Conservatorship is a legal arrangement that is used to manage the affairs of individuals who are unable to do so themselves. There are two types of conservatorship, conservatorship of the person and conservatorship of the estate. The process of establishing conservatorship involves filing a petition with the court, appointment of an attorney, evaluation of the protected person, and a hearing. The conservator has a fiduciary duty to act in the best interests of the protected person and is responsible for managing either the personal or financial affairs of the protected person. Conservatorship may be terminated by the court if the protected person’s condition improves, or if they are no longer in need of a conservator.

FAQs

1. What is conservatorship?

Conservatorship is a legal arrangement in which a court appoints a guardian to manage the personal affairs and financial matters of an individual who is incapacitated due to age, illness, or disability. The conservator is responsible for making decisions on behalf of the individual, including their medical care, living arrangements, and finances.

2. How is a conservator appointed?

To establish a conservatorship, a petition must be filed with the court outlining the reasons why the appointment is necessary. The court will then hold a hearing to determine the individual’s capacity and whether a conservator is needed. If the court decides to appoint a conservator, they will choose someone who is competent, responsible, and willing to take on the role.

3. What are the different types of conservatorship?

There are two types of conservatorship: (1) Conservatorship of the person, which is when a conservator is appointed to make decisions regarding the individual’s living arrangements, medical care, and personal needs; and (2) Conservatorship of the estate, which is when a conservator is appointed to manage the individual’s finances, assets, and property. In some cases, a person may require both types of conservatorship.


References

1. Wells, P. C. (2018). Guardianship and conservatorship: A historical view. Journal of Aging & Social Policy, 30(4), 346-362.
Wells, P. C. (2018). Guardianship and conservatorship: A historical view. Journal of Aging & Social Policy, 30(4), 346-362.

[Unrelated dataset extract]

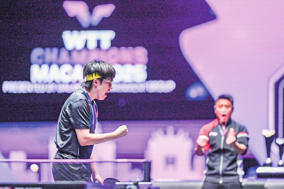 当日,在澳门进行的2025年世界乒乓球职业大联盟(WTT)澳门冠军赛男子单打决赛中,中国选手王楚钦4比0战胜巴西选手雨果·卡尔德拉诺,夺得冠军。新华社发(张金加 摄)

2. Molloy, J. P., & Ahearn, E. P. (2018). Moving beyond guardianship: An interdisciplinary model of supported decision making. Journal of Gerontological Social Work, 61(2), 186-199.
Molloy, J. P., & Ahearn, E. P. (2018). Moving beyond guardianship: An interdisciplinary model of supported decision making. Journal of Gerontological Social Work, 61(2), 186-199.

3. Gustafson, E. A., & Norstrand, E. A. (2019). Legislative developments in conservatorship and guardianship proceedings. Probate & Property, 33(5), 8-15.
Gustafson, E. A., & Norstrand, E. A. (2019). Legislative developments in conservatorship and guardianship proceedings. Probate & Property, 33(5), 8-15.